WHAT IS BEING ASKED - Print the data below exactly, but only the lines from the one containing "Employer Dashboard with Impact Metrics" down to the one containing "6.10. Palanquin to", inclusive.

[PROVIDED MATERIAL]

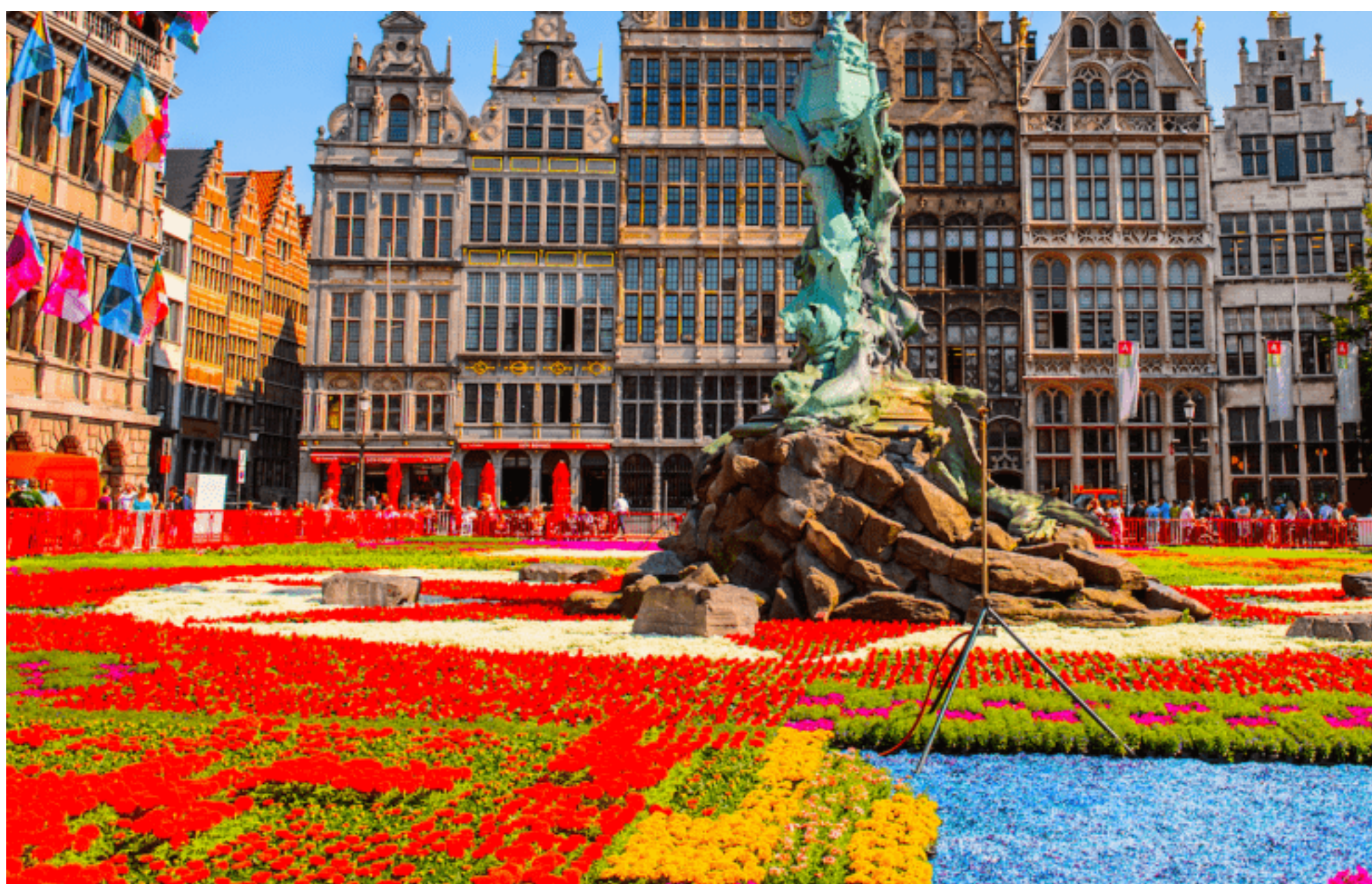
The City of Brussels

[/PROVIDED MATERIAL]
[PROVIDED MATERIAL]

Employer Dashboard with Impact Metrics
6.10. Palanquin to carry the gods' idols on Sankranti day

[/PROVIDED MATERIAL]
[PROVIDED MATERIAL]

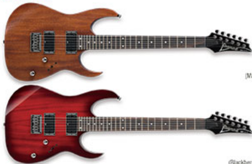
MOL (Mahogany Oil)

[/PROVIDED MATERIAL]

ANSWER TO THE PROBLEM -
Employer Dashboard with Impact Metrics
6.10. Palanquin to carry the gods' idols on Sankranti day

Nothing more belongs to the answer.